§ **Work required**
Return the listing verbatim, images left out.

..............................

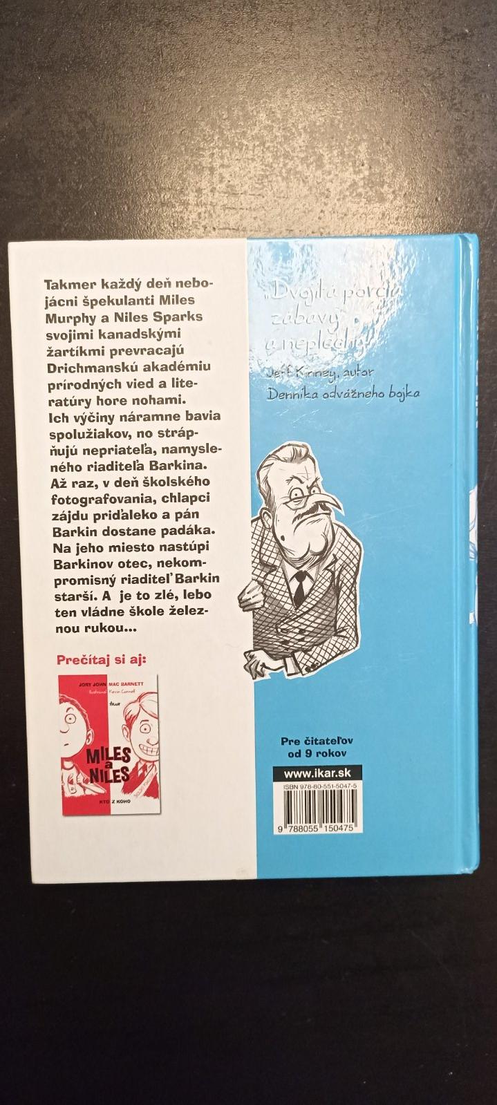 Takmer každý deň nebojácni špekulanti Miles Murphy a Niles Sparks svojimi kanadskými žartíkmi prevracajú Drichmanskú akadémiu prírodných vied a literatúry hore nohami. Ich výčiny náramne bavia spolužiakov, no strápňujú nepriateľa, namysleného riaditeľa Barkina. Až raz, v deň školského fotografovania, chlapci zájdu priďaleko a pán Barkin dostane padáka. Na jeho miesto nastúpi Barkinov otec, nekompromisný riaditeľ Barkin starší. A je to zlé, lebo ten vládne škole železnou rukou...
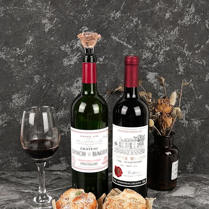 - Made of high-quality metal alloy in a detailed rose shape design.The bottle stopper is wrapped in food grade silicone to keep your wine fresh
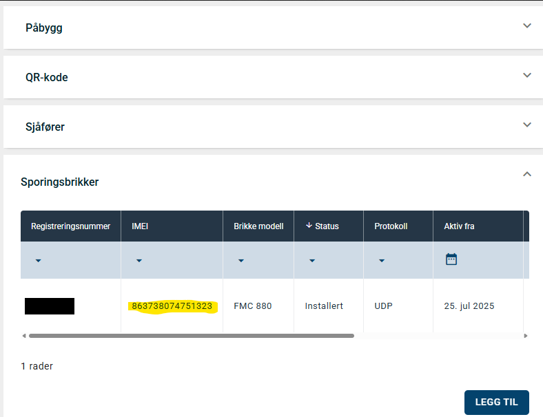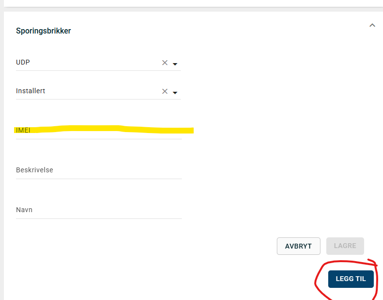 Så fyller du inn IMEI (de andre feltene kan stå blanke) og klikker "Legg til" en gang til.
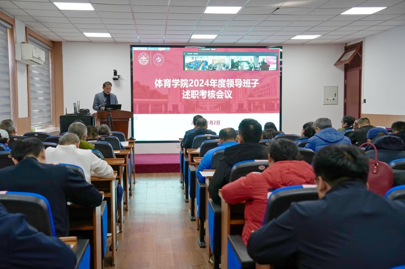 会上,院长孙晋海代表Beat365官方网站领导班子作年度工作总结汇报。他指出,2024年Beat365官方网站领导班子坚持以习近平新时代中国特色社会主义思想为引领,深入学习和贯彻党的二十届三中全会精神及全国教育大会等重要会议精神,致力于提升立德树人成效,在服务国家大局和深化体教融合中勇担使命,推动学院事业取得进步。孙晋海根据学校第十五次党代会精神,部署了学院高质量发展方案,他围绕落实“一二三六”工作思路,提出了未来工作的五项重点举措,将集中力量推进发展战略、创新实施师生体质强健计划、加速竞技运动水平提升、推进学科交叉融合与创新发展,以及利用人工智能赋能体育育人等重点任务。
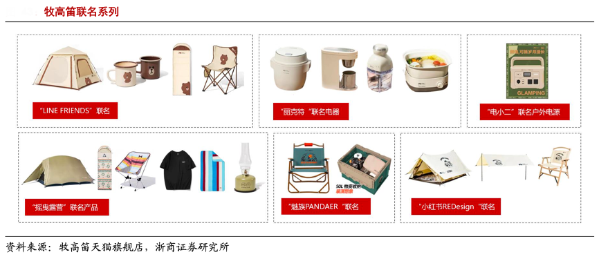 經(jīng)典案例:根據(jù)牧高笛天貓旗艦店、浙商證券研究所等綜合資訊表明,中國露營市場正 從“專業(yè)性能”向“時(shí)尚精致”轉(zhuǎn)變,牧高笛公司于 2021 年推出 Line Friends 聯(lián)名系列,打破傳統(tǒng)帳篷單調(diào)沉悶的形象,瞄準(zhǔn)親子、女性、年輕人客群,該聯(lián)名系列同時(shí)還包括天幕、拖 車、睡袋、折疊椅、野餐墊等配套產(chǎn)品,目前已占大牧銷售額約10%。
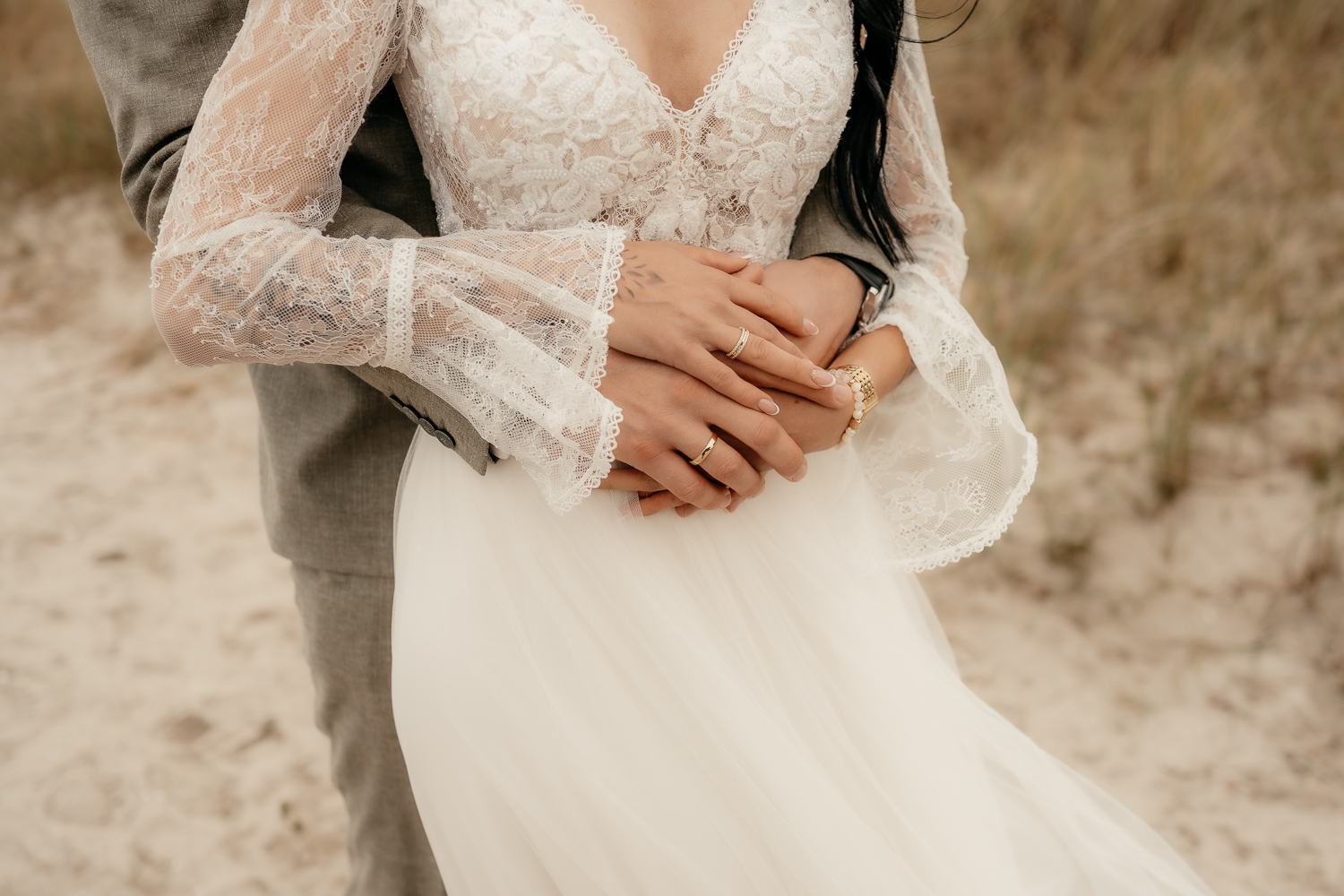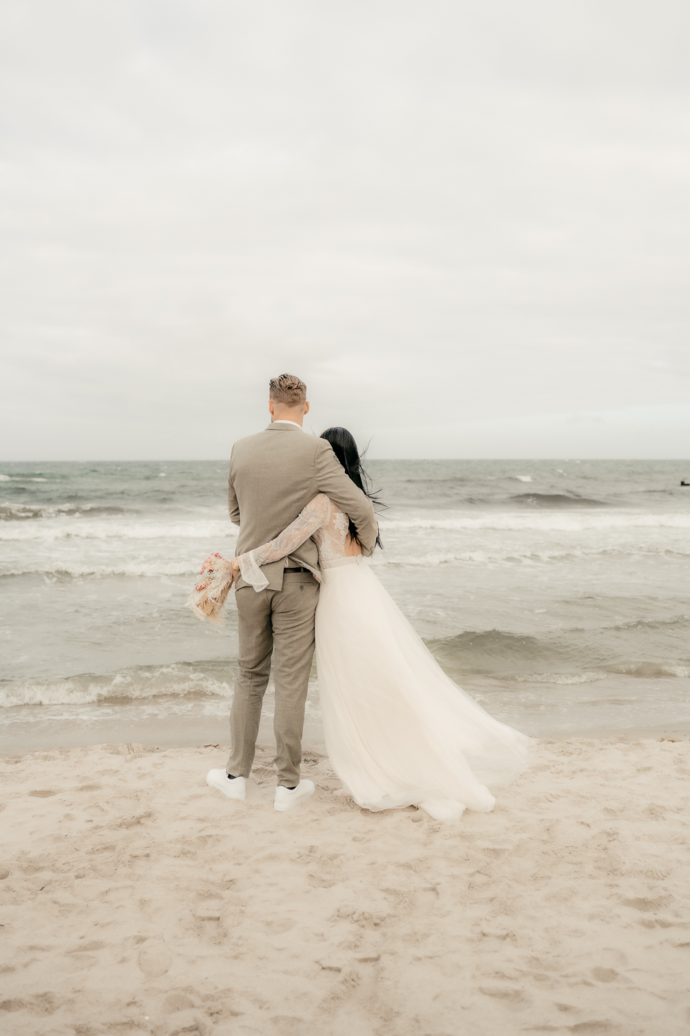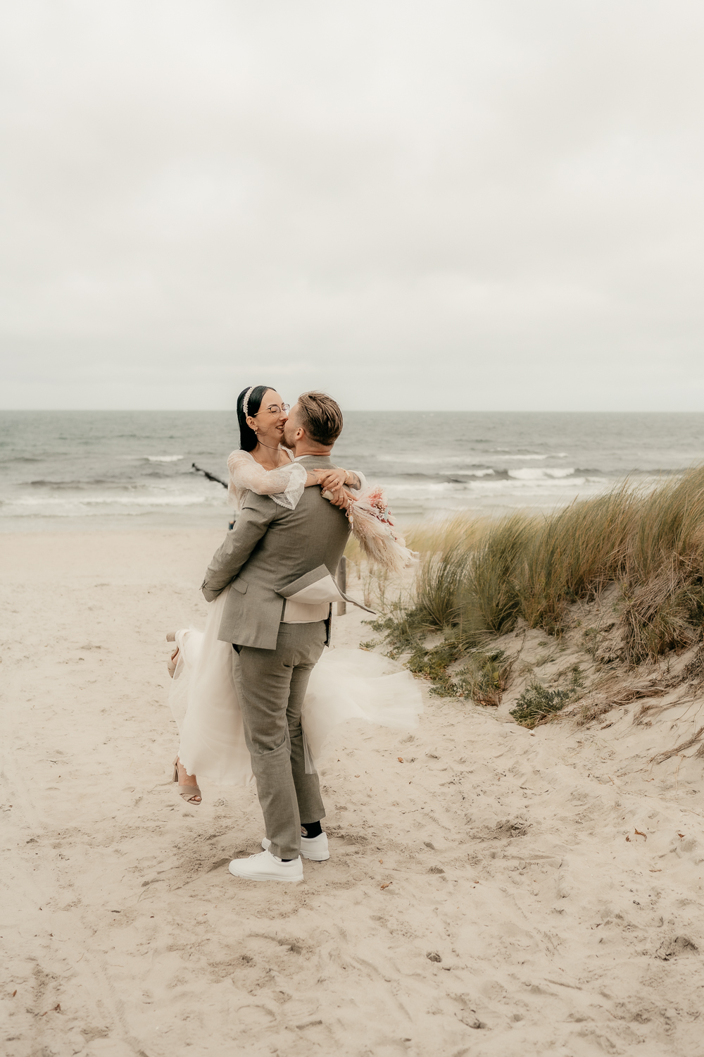 Nach der Trauung verbrachten wir Zeit am Strand. Ganz entspannt, ganz echt – so, wie es typisch ist für eine Hochzeit auf dem Darß oder an der Ostsee allgemein. Wir genossen die salzige Meeresluft, teilten liebevoll gebackene Hochzeitskekse und machten Brautpaarfotos, die genau das widerspiegelten, was diesen Tag so besonders machte: Nähe, Wärme, Authentizität.

..............................

§ **Exercise answer**
 Takmer každý deň nebojácni špekulanti Miles Murphy a Niles Sparks svojimi kanadskými žartíkmi prevracajú Drichmanskú akadémiu prírodných vied a literatúry hore nohami. Ich výčiny náramne bavia spolužiakov, no strápňujú nepriateľa, namysleného riaditeľa Barkina. Až raz, v deň školského fotografovania, chlapci zájdu priďaleko a pán Barkin dostane padáka. Na jeho miesto nastúpi Barkinov otec, nekompromisný riaditeľ Barkin starší. A je to zlé, lebo ten vládne škole železnou rukou...
 - Made of high-quality metal alloy in a detailed rose shape design.The bottle stopper is wrapped in food grade silicone to keep your wine fresh
 Så fyller du inn IMEI (de andre feltene kan stå blanke) og klikker "Legg til" en gang til.
 会上,院长孙晋海代表Beat365官方网站领导班子作年度工作总结汇报。他指出,2024年Beat365官方网站领导班子坚持以习近平新时代中国特色社会主义思想为引领,深入学习和贯彻党的二十届三中全会精神及全国教育大会等重要会议精神,致力于提升立德树人成效,在服务国家大局和深化体教融合中勇担使命,推动学院事业取得进步。孙晋海根据学校第十五次党代会精神,部署了学院高质量发展方案,他围绕落实“一二三六”工作思路,提出了未来工作的五项重点举措,将集中力量推进发展战略、创新实施师生体质强健计划、加速竞技运动水平提升、推进学科交叉融合与创新发展,以及利用人工智能赋能体育育人等重点任务。
 經(jīng)典案例:根據(jù)牧高笛天貓旗艦店、浙商證券研究所等綜合資訊表明,中國露營市場正 從“專業(yè)性能”向“時(shí)尚精致”轉(zhuǎn)變,牧高笛公司于 2021 年推出 Line Friends 聯(lián)名系列,打破傳統(tǒng)帳篷單調(diào)沉悶的形象,瞄準(zhǔn)親子、女性、年輕人客群,該聯(lián)名系列同時(shí)還包括天幕、拖 車、睡袋、折疊椅、野餐墊等配套產(chǎn)品,目前已占大牧銷售額約10%。
 Nach der Trauung verbrachten wir Zeit am Strand. Ganz entspannt, ganz echt – so, wie es typisch ist für eine Hochzeit auf dem Darß oder an der Ostsee allgemein. Wir genossen die salzige Meeresluft, teilten liebevoll gebackene Hochzeitskekse und machten Brautpaarfotos, die genau das widerspiegelten, was diesen Tag so besonders machte: Nähe, Wärme, Authentizität.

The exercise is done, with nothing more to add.